Anti-I2V

Safeguarding your photos from malicious image-to-video generation

TL;DR Anti-I2V defends user images against unauthorized image-to-video generation via dual-space (L*a*b* + DCT) perturbations and layer-wise representation losses (IRA, IRC), achieving state-of-the-art protection across DiT, MM-DiT, and U-Net diffusion backbones.

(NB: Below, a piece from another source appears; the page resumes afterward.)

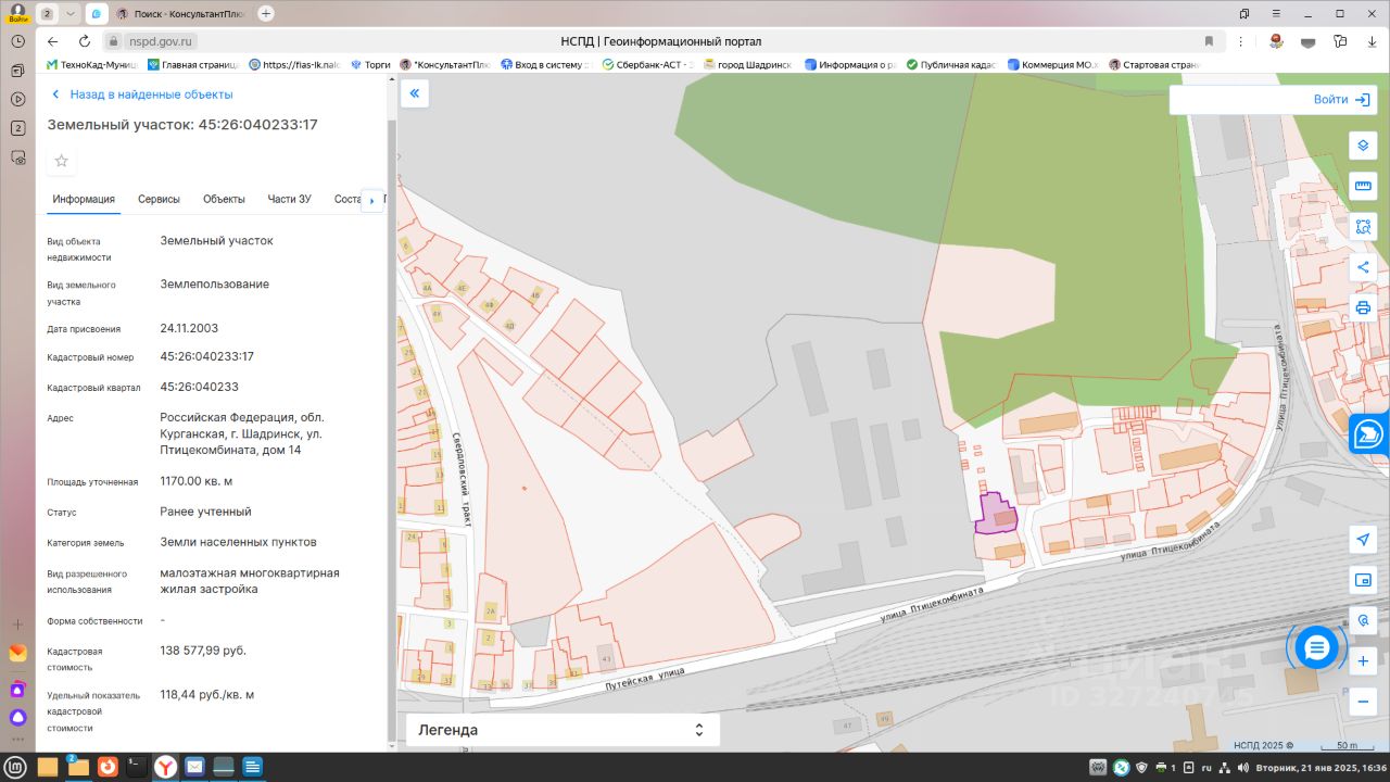 Лот 2. Продажа права на заключение договора аренды земельного участка государственной собственности с кадастровым номером 45:26:040233:17 площадью 1170 кв.метров с разрешенным использованием малоэтажная многоквартирная жилая застройка, по адресу: Российская Федерация, Курганская область, г.Шадринск, ул. Птицекомбината, дом 14. Границы определены в соответствии с федеральными законами.
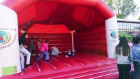 Im Park war wieder die beliebte Chill-out Lounge geöffnet. Wer eine Pause und Ruhe brauchte, der konnte sich in ein Zelt zurückziehen oder sich bei sonnigem Wetter in einen Liegestuhl legen. Dabei ein leckeres Getränk oder ein Stück Kuchen und der Tag war perfekt! Kleine Aktionen wie das Schokoladen-Wettessen rundeten die gemütliche Atmosphäre ab.

Duc Vu·Anh Nguyen·Chi Tran·Anh Tran

Qualcomm AI Research

Qualcomm AI Research is an initiative of Qualcomm Technologies, Inc.

CVPR 2026 (Main)

Identity (ISM)
0.616 0.353
−43% identity preservation, averaged across all 3 backbones on CelebV-Text.
Video Quality (Q-Align)
0.793 0.378
−52% generated-video quality, averaged across all 3 backbones.
Feature Sim (DINO)
0.754 0.534
−29% DINO similarity to clean reference, averaged across all 3 backbones.
Generality
3 / 3
State-of-the-art on DiT · MM-DiT · U-Net backbones: CogVideoX-5B, Open-Sora 1.2, DynamiCrafter.

Abstract

Advances in diffusion-based video generation models, while significantly improving human animation, poses threats of misuse through the creation of fake videos from a specific person's photo and text prompts. Recent efforts have focused on adversarial attacks that introduce crafted perturbations to protect images from diffusion-based models. However, most existing approaches target image generation, while relatively few explicitly address image-to-video diffusion models (VDMs), and most primarily focus on UNet-based architectures. Hence, their effectiveness against Diffusion Transformer (DiT) models remains largely under-explored, as these models demonstrate improved feature retention, and stronger temporal consistency due to larger capacity and advanced attention mechanisms. In this work, we introduce Anti-I2V, a novel defense against malicious human image-to-video generation, applicable across diverse diffusion backbones. Instead of restricting noise updates to the RGB space, Anti-I2V operates in both the L*a*b* and frequency domains, improving robustness and concentrating on salient pixels. We then identify the network layers that capture the most distinct semantic features during the denoising process to design appropriate training objectives that maximize degradation of temporal coherence and generation fidelity. Through extensive validation, Anti-I2V demonstrates state-of-the-art defense performance against diverse video diffusion models, offering an effective solution to the problem.

Key Contributions

Anti-I2V consists of three core components that jointly enable powerful, robust, and effective protection across diverse video diffusion backbones.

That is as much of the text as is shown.